**REQUIRED ACTION**: Starting at the line that contains "Der Landesseniorenrat ist" and stopping after the line that contains "1月22日下午校党委副书记严", transcribe the listing below exactly; do not include any pictures.

*** TASK DATA Section Begins ***

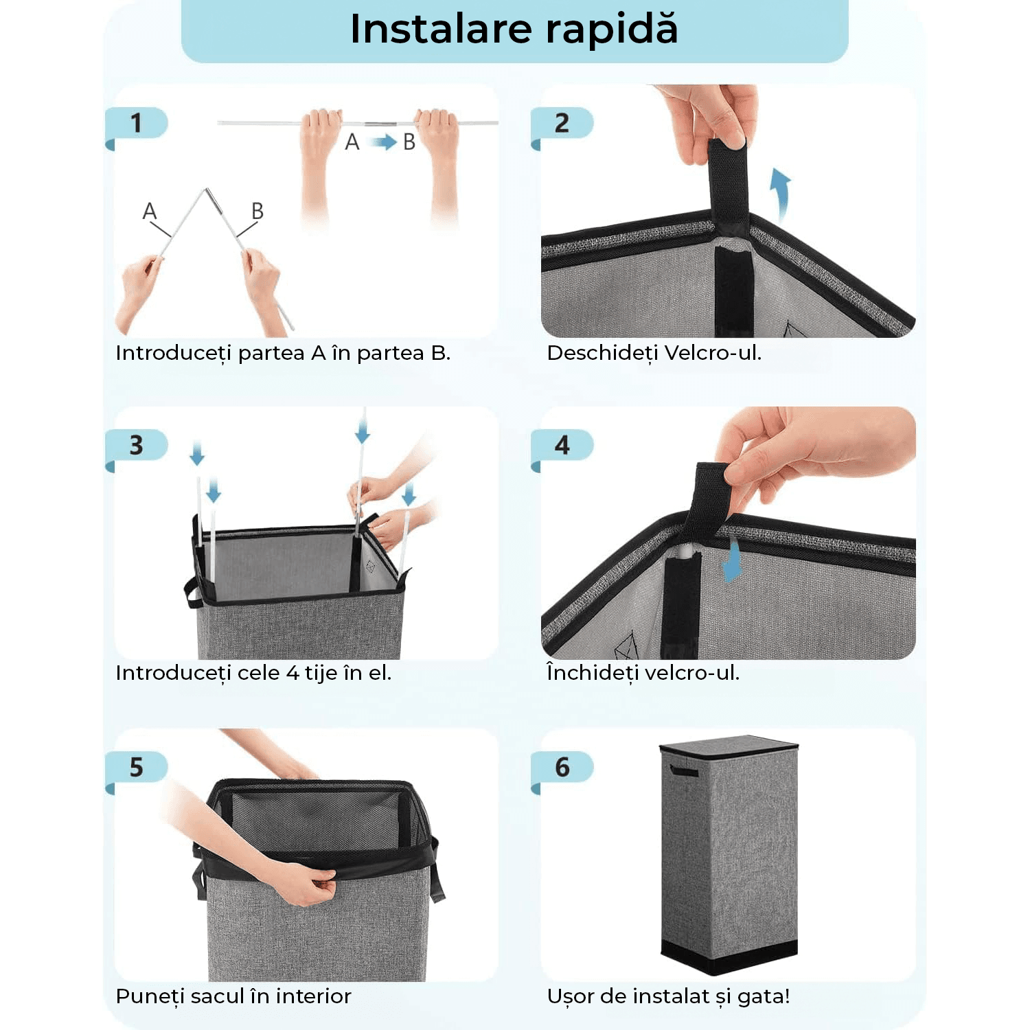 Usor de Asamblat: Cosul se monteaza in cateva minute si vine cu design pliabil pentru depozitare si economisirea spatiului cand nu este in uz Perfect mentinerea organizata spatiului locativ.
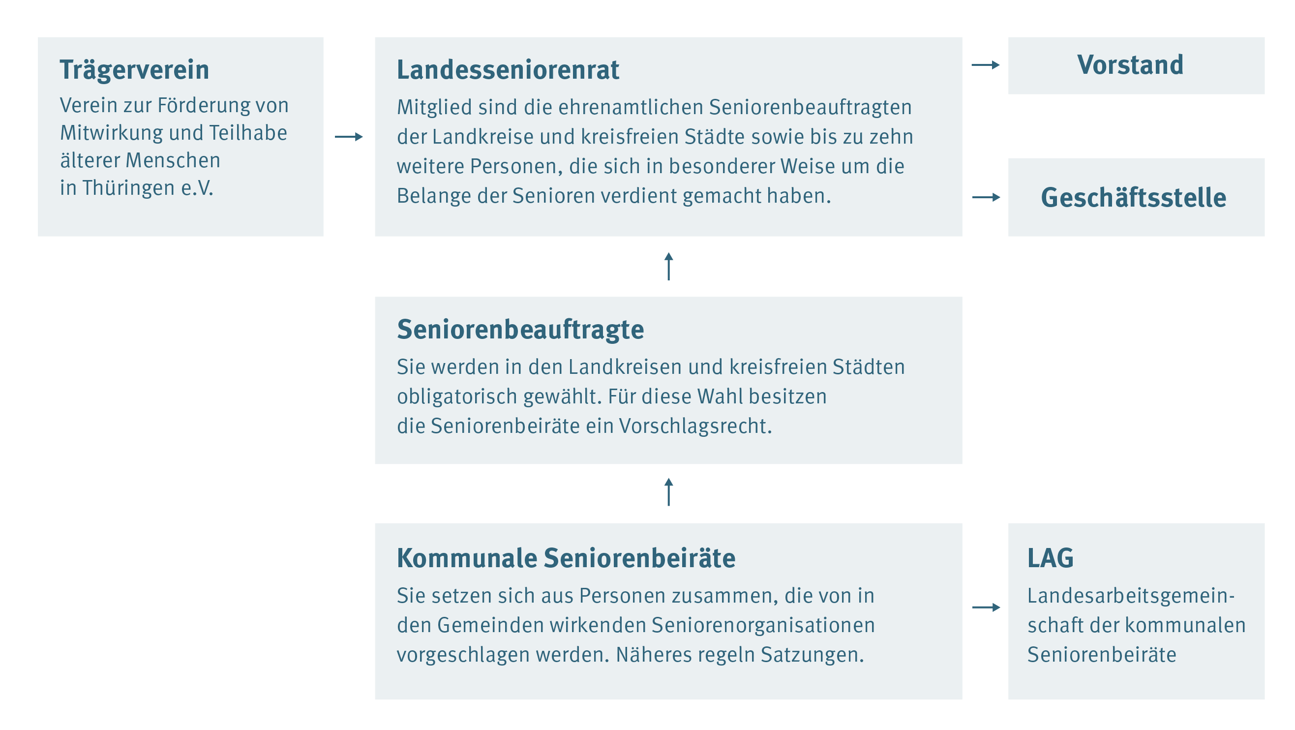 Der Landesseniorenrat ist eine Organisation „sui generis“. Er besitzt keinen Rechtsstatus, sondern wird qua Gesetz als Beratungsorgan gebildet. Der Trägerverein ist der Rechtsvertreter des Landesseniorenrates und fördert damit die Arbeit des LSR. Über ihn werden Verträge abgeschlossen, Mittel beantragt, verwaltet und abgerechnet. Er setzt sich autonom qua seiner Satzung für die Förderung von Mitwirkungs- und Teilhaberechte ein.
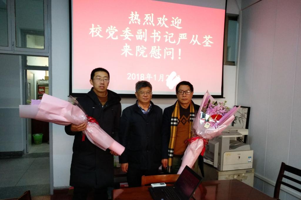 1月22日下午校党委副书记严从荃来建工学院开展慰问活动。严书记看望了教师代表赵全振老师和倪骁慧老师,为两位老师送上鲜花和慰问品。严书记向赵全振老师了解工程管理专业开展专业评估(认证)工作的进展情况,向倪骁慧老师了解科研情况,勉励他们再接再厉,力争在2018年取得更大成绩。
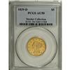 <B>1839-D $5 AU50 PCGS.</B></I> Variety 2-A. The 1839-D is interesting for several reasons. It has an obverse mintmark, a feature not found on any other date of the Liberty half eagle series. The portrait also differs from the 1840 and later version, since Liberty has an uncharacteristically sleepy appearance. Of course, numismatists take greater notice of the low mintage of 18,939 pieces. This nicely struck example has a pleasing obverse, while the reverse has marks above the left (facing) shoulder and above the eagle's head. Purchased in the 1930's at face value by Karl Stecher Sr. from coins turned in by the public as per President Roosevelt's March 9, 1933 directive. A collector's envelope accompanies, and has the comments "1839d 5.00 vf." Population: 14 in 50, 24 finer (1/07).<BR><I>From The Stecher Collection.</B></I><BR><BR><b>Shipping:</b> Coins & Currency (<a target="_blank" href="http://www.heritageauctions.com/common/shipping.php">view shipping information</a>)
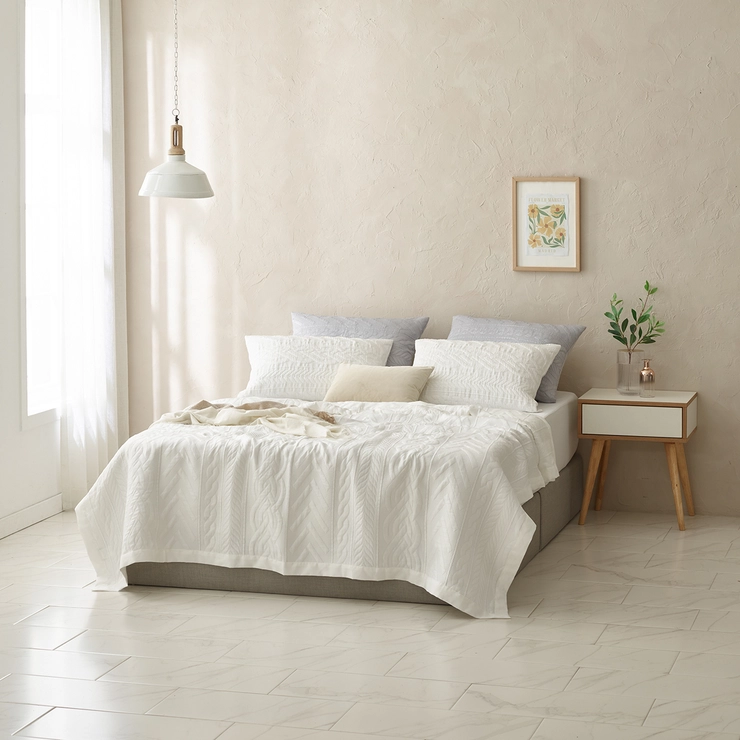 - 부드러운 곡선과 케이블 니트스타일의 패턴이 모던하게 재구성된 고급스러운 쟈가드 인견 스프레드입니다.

*** TASK DATA Section Ends ***

**RESULT**:
 Der Landesseniorenrat ist eine Organisation „sui generis“. Er besitzt keinen Rechtsstatus, sondern wird qua Gesetz als Beratungsorgan gebildet. Der Trägerverein ist der Rechtsvertreter des Landesseniorenrates und fördert damit die Arbeit des LSR. Über ihn werden Verträge abgeschlossen, Mittel beantragt, verwaltet und abgerechnet. Er setzt sich autonom qua seiner Satzung für die Förderung von Mitwirkungs- und Teilhaberechte ein.
 1月22日下午校党委副书记严从荃来建工学院开展慰问活动。严书记看望了教师代表赵全振老师和倪骁慧老师,为两位老师送上鲜花和慰问品。严书记向赵全振老师了解工程管理专业开展专业评估(认证)工作的进展情况,向倪骁慧老师了解科研情况,勉励他们再接再厉,力争在2018年取得更大成绩。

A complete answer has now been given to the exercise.